Elevated maternal testosterone induces sex-specific neurodevelopmental changes and ASD-related behavioral phenotypes in rat offspring.

Researchers gave pregnant rats testosterone injections to mimic high hormone levels during pregnancy. The baby rats showed autism-like behaviors including less communication, social difficulties, and memory problems. Male and female babies were affected differently - males had fewer brain cells in thinking areas while females had problems with brain connections.

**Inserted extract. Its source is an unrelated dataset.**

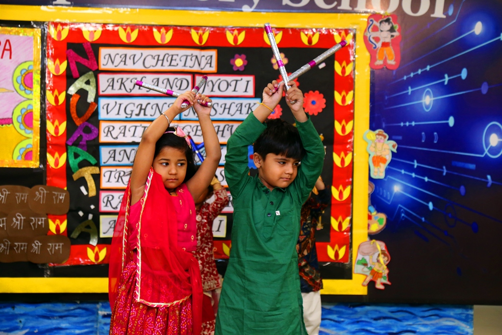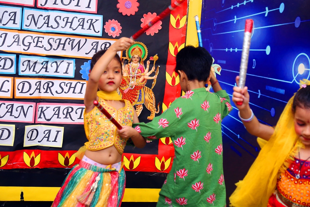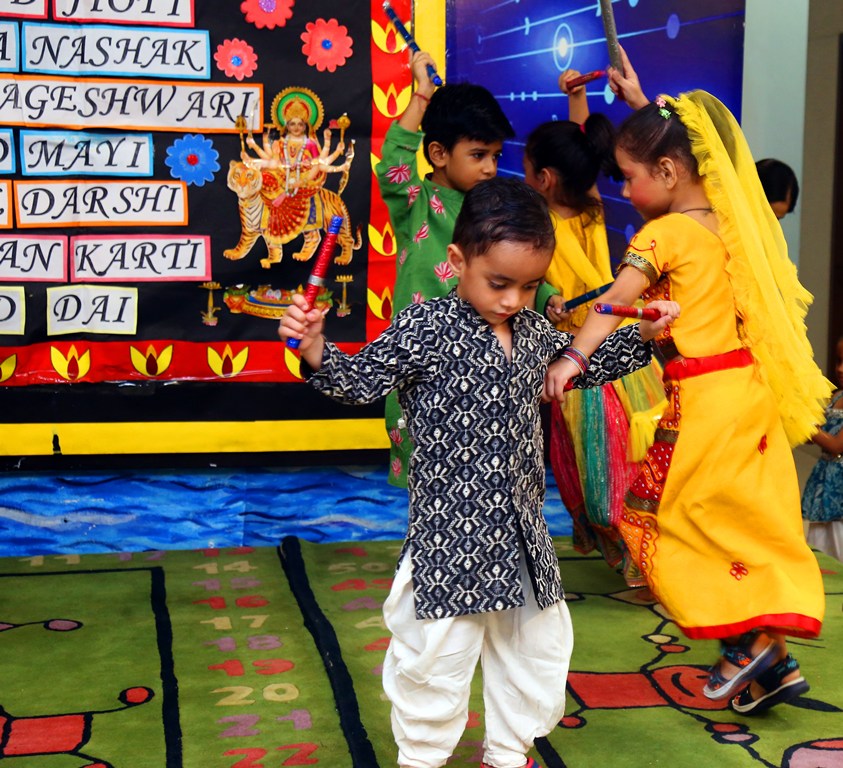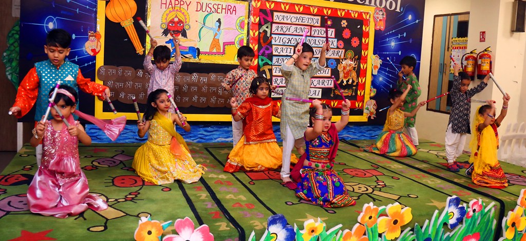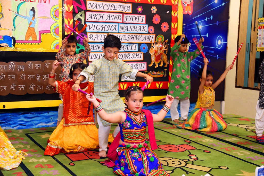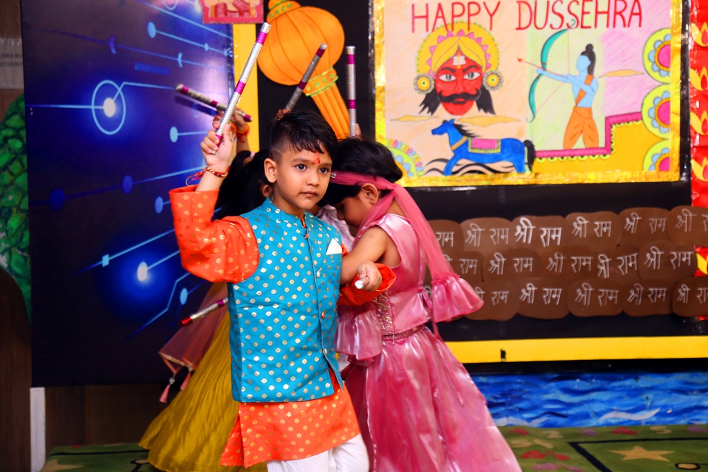 The victory of good over evil was depicted through spectacular performances - dramatization, songs, dances and narration. The life of Lord Rama and his victory over Ravana was well presented by the little ones of LKG. Tiny Tots of Nursery and LKG presented a beautiful dance celebrating the spirit of -Dandia Dance.

All babies had lower levels of an important brain fat (DHA).

This suggests high testosterone during pregnancy might increase autism risk, and that supplements might help.

This rat study investigated how elevated maternal testosterone during pregnancy affects offspring neurodevelopment and behavior. Pregnant rats received testosterone injections that doubled maternal hormone levels, mimicking pregnancy complications. Offspring showed ASD-like features including reduced birth weight, impaired communication (fewer vocalizations), and cognitive/social deficits in adolescence. Sex-specific brain changes were observed: males had reduced cortical neurons while females showed decreased brain white matter.

Both sexes had lower brain DHA levels. The study suggests maternal testosterone exposure is a neurodevelopmental risk factor, with reduced brain DHA as a potential mechanism. Findings support investigating DHA supplementation as a preventive strategy.

Suggests monitoring maternal testosterone levels during pregnancy and investigating DHA supplementation as prevention. Supports research into hormonal risk factors for autism. May inform prenatal counseling for high-risk pregnancies with metabolic or endocrine complications.

Animal study using rats may not directly translate to humans. Sample size not reported. Single testosterone dose tested. Long-term developmental outcomes beyond adolescence not assessed. Mechanism linking testosterone to DHA reduction requires further investigation.

Elevated maternal testosterone (T) during pregnancy disrupts neurodevelopment and behavior in offspring, mimicking features of autism spectrum disorder (ASD). In a rat study, dams received daily T injections (0.5 mg/kg) from gestational days 12-20, doubling maternal plasma T to mimic levels seen in pregnancy complications. Controls received vehicle. Offspring were assessed neonatally (postnatal day 9) for communication (ultrasonic vocalizations), neurogenesis (NeuN+ neurons), myelination (MBP+ area), and brain docosahexaenoic acid (DHA).

Adolescent offspring (6-8 weeks) underwent behavioral tests for cognition (Y-maze, novel object recognition) and sociability (three-chamber test). T-exposed pups had lower birth weights and reduced vocalizations during maternal separation. Sex-specific neural changes observed: males showed reduced cortical neuron density, while females had diminished corpus callosum myelination. Both sexes exhibited decreased brain DHA.

In adolescence, T offspring displayed cognitive deficits (impaired spatial/recognition memory) and social impairments (reduced sociability and social novelty preference). The study highlights maternal T as a risk factor for neurodevelopmental disorders, with sex-specific effects on brain structure and function. Reduced brain DHA suggests a mechanistic link, implicating lipid metabolism in T-associated neurodevelopmental disruptions. These findings support further exploration of DHA supplementation as a therapeutic strategy to mitigate adverse outcomes in high-risk pregnancies.

Elevated maternal testosterone (T) during pregnancy induces ASD-like neurobehavioral deficits (e.g., impaired communication, social/cognitive dysfunction) and sex-specific neural alterations in offspring. Prenatal T differentially impacts male vs. female brain structure: T-exposed males show cortical neuron loss, while females exhibit myelination deficits in the corpus callosum. First to connect maternal T-driven offspring brain docosahexaenoic acid (DHA) reduction to neurodevelopmental impairment. Supports prenatal DHA supplementation as a strategy to mitigate neurodevelopmental risks in high-T pregnancies.

Informs policies addressing rising neurodevelopmental disorder rates linked to maternal metabolic/endocrine imbalances.